Esta inversão da posição da burguesia sobre a questão religiosa não é apenas explicada por motivos políticos de dominação. Isto revela a pusilanimidade da burguesia para adoptar o materialismo como forma de pensar. Na verdade, pela sua natureza de classe exploradora, ela não pode desposar a concepção revolucionária do materialismo. Por conseguinte, está condenado a favorecer uma visão idealista do funcionamento da sociedade, para não dizer  religiosa.
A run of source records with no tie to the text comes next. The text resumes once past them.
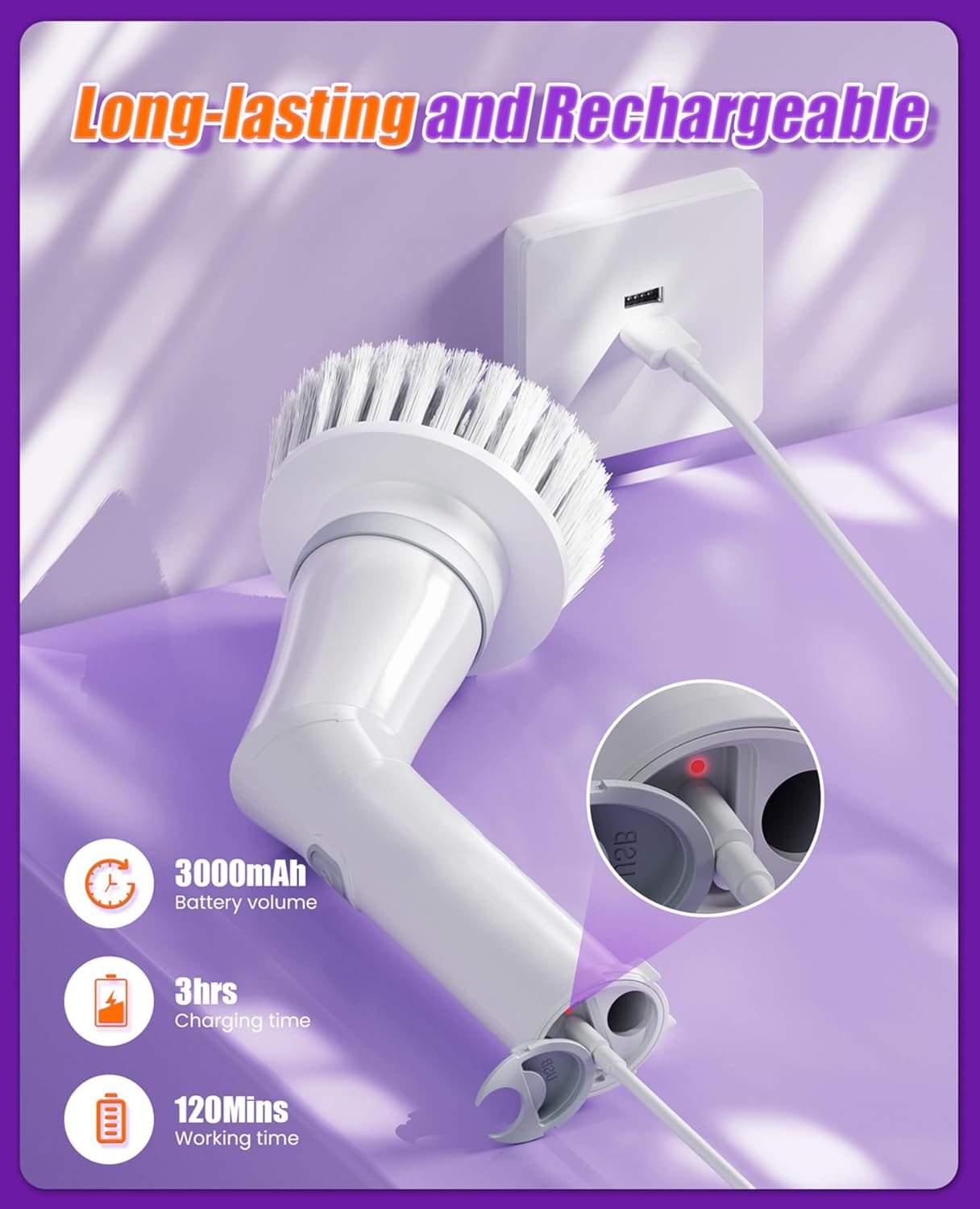 About this itemnUpgrade Electric Spin Scrubber: Equipped with a powerful 25W motor, which can operate firmly even with high pressure and the working noise is under 50 dB. It also has 2 working speeds: 400RPM for daily cleaning and 480RPM for deep clean.nOne Scrubber, Multiple Choices: Electric cleaning brush includes 6 detachable brushes, Round brush for curved surface like bathtub and toilet; flat brush for tile floors and grouts; Corner brush for Corner gaps; Sponge brush for windows…More usage ways waiting for you to explore!nEasily Adjustable, Extremely Light: This shower spin scrubber equipped with extendable Aluminum handle which extends from 14 inches to 47.2 inches, easy to clean hard-reach places, without kneeling or bending over. Brush weighs only 1 lb, even kids can use it with ease.nUltra long-lasting, Wireless Tethering: This cordless shower scrubber comes with a massive 3000 mAh battery, which can last continuously up to 120 mins after 3.5 hours fast charging. Cordless cleaning brush allows you to clean any corner of your home without being restricted.nSturdy Bristles, IPX7 Waterproof: This scrubbers bristle is made of durable PP material, which make sure to clean the stubborn stain easily but without scratching surfaces. The brush is highly sealed to protect damage from water, You can wash the brush head directly in the water. Notice: Do not use brushes under water.nGreat present, Thoughtful Services: The ideal present for lover, parents, friends, coworkers on Christmas, New year, Birthdays, Mother’s Day, Father’s Day. We are committed to providing excellent customer service, please contact us if you have any problems!
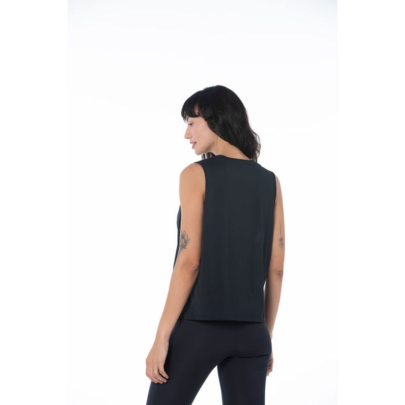 Regata em malha de poliéster com elastano. Modelagem cropped e com abertura lateral. Logo não refletivo.
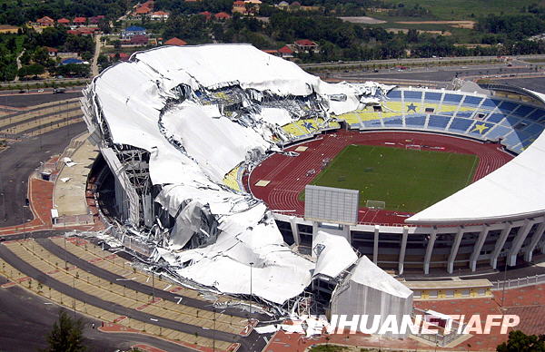 6月2日,在馬來(lái)西亞?wèn)|部的丁加奴州 ,一座體育場(chǎng)的半邊頂棚垮塌。這座發(fā)生垮塌事故的體育場(chǎng)建成僅一年,目前馬來(lái)西亞有關(guān)部門正在對(duì)事故原因進(jìn)行調(diào)查。新華社/法新

Certamente, a nível científico, especialmente no domínio do conhecimento da natureza indispensável ao desenvolvimento das forças produtivas, a burguesia, pelo utilitarismo, emancipou-se desde cedo do dogma religioso para se dedicar corajosamente à investigação, permitindo que as invenções mais eficientes, especialmente técnicas, exploráveis no domínio da indústria, origem da sua riqueza extraída do valor excedentário extraído dos operários. Mas quando se trata de explorar as ciências sociais, os cientistas burgueses testemunham, pelo idealismo, uma mente menos rigorosa para analisar a evolução e as contradições da sociedade. Porque a ciência burguesa não pode rejeitar o substrato ideológico legitimando a exploração dos proletários na sociedade capitalista. A burguesia e os seus escritores concordam com o dogma de preservar a ordem social dominante, um sistema de exploração e opressão naturalizado por estes feudais modernos.

Para além da França, assistiremos ao mesmo fenómeno da descristianização na Rússia, no rescaldo da Revolução Bolchevique de 1917.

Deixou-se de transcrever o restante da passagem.